* _Brief_
Locate the line that contains "1 Park Entrance". Retype it and every line after it to the end of the records, exactly, but not the pictures.

* _Data for processing_

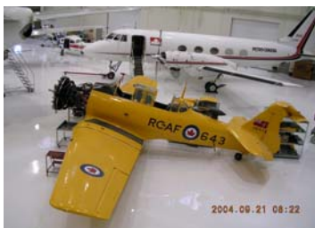
AeroCentre Hangar

In October, we added 15 new databases to our Electronic Resources collection. The new databases include several specialized ones in the health, legal and business areas and also some very broad-based ones. Most of these databases are from the Subscriptions Alberta Ebsco product grouping.
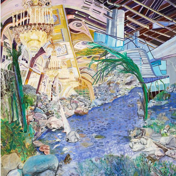
Olive Ayhens, “Interior Wilderness” (2009–10), oil on linen, 60 x 60 in

pictorial details. This contradiction is the work's central, animating paradox. It's unclear to what extent the artist's subject matter is cultural symbol, narrative device, autobiographical marker, or just the fun of paint — as, for example, the mismatched pair of midcentury modern lounge chairs in the foreground of “Remembering my Chickens”(2010). Wine-red, they snap against a cluster of prickly cacti rendered in a range of greens, manically dashed and dotted in pale tints and near-white with a tiny brush: a painter's joke
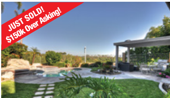
2664 Belinda Court, Fullerton
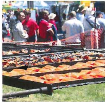
From the colourful and quirky characters at the Richmond Maritime Festival to the scrumptious, sizzling salmon barbecue at the Steveston Salmon Festival, Richmond's Days of Summer are full of treats for all senses.
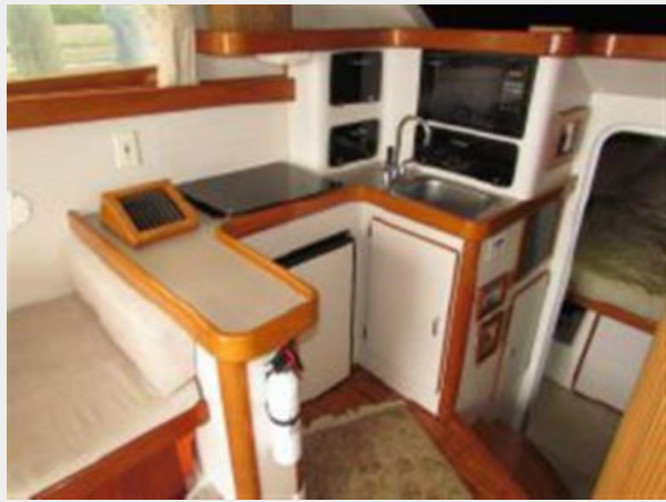
GALLEY FROM SALON
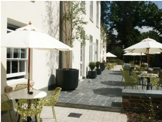
The Parkland Terrace
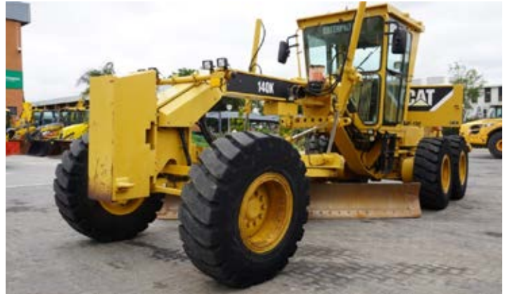
2014 Caterpillar 140K
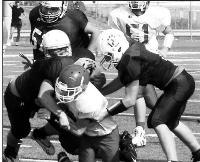
UCMS' Purple Swarm brings down a Wildcat ball carrier in last week's game.
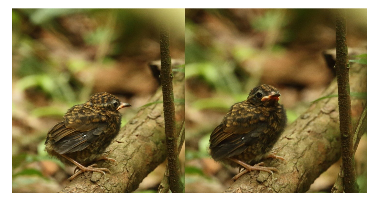
Figure 4. Young Rufous Gnateater with juvenile plumage.
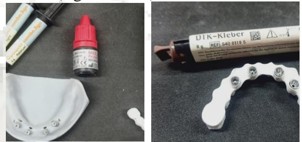
Figure (7): MKZ primer and visio-link primer

blasting of the abutment holes of the BioHPP framework and the titanium sleeves via the sand blasting device 12 Then adding the adhesive material (MKZ primer 13 on titanium sleeves and visio-link primer 14 for the BioHPP framework abutment channel) then the framework was cemented to the titanium abutments via (DTK dual cured resin cement 50-50) 15 and light cured for 90 seconds (figures 7&8)
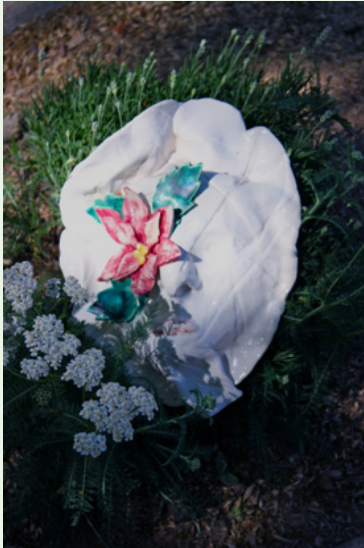
Figure 14 Being simultaneously inside and outside of the fold.

Meaning-making is always situated within individuals and their larger social and cultural frameworks. By assuming both stances (composer and communicator) the writer learns to “live poetically” (Leggo, class notes), discovering an infinite amount of ways to engage with and be in the world (Britton, 1970, p. 58).
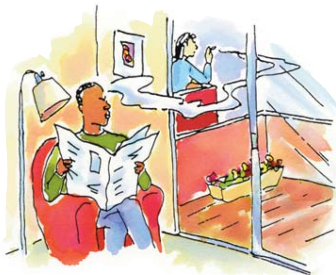
Illustrations by Janet Cleland © California Department of Public Health

As a general rule, it is unwise to file a lawsuit unless you have suffered significant harm. Your chance of convincing a court that you have a justifiable legal claim is far better if you can show that you have been harmed badly by repeated, unwanted exposure to secondhand smoke in your apartment—for instance, if you have visited a doctor with frequent respiratory complaints, missed work due to illness caused by the smoke, stayed away from
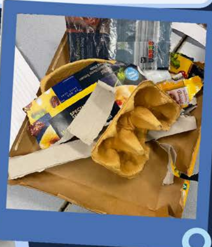
Examples of the settlement project created by Year 7.
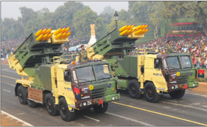
Pinaka MBRL at rehearsal of Republic Day Parade 2011.
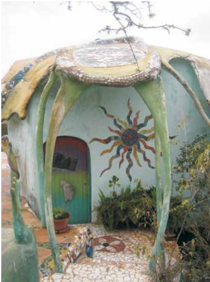
Buildings and mosaics by various Kitengela artists ...
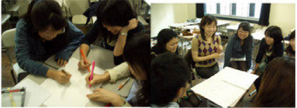
brainstorming about what interests wo/men have each other
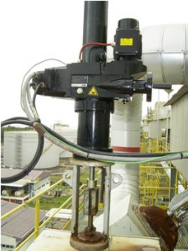
Valves on steam vessels control the amount of cooling water injected into the superheated steam in the superheater and reheater

As is generally known, a body's cooling curve follows an E-function over time and is dependant on the temperature difference between the body and its environment. The smaller the temperature difference, the longer the cooling time needed. The duty cycle restriction of electric motors is primarily intended to keep their self-heating within acceptable limits. High ambient temperatures prolong the cooling time. Rising ambient temperatures decrease the permissible duty cycle. For example, S5-25% duty at 20°C becomes S5-13% duty at 50°C. This means precision control of high dynamic applications in high temperature conditions becomes impossible.
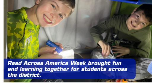
Read Across America Week brought fun and learning together for students across the district.
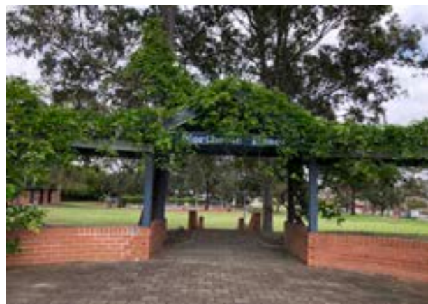
1 Park Entrance
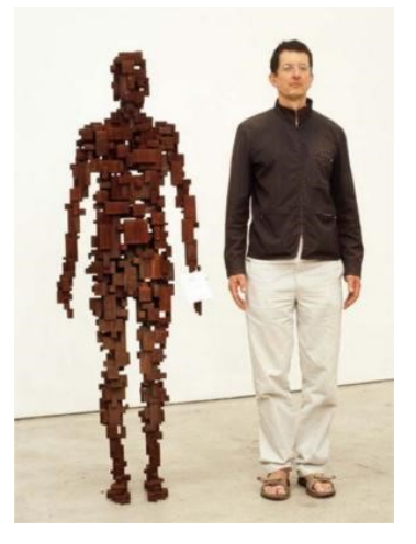
Antony Gormley 1950 - present day
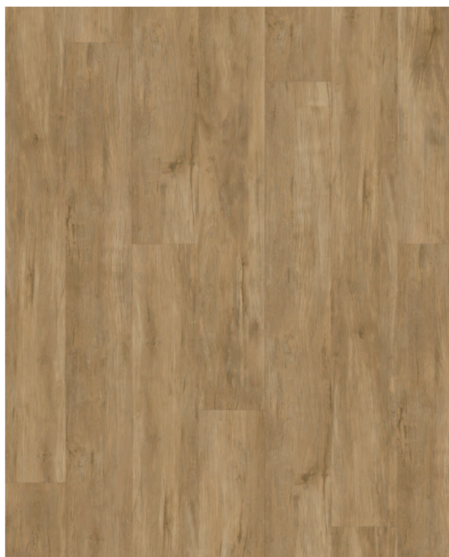
SUNSET BARNYARD GREY — 3L168011

* _Completed exercise_
1 Park Entrance
Antony Gormley 1950 - present day
SUNSET BARNYARD GREY — 3L168011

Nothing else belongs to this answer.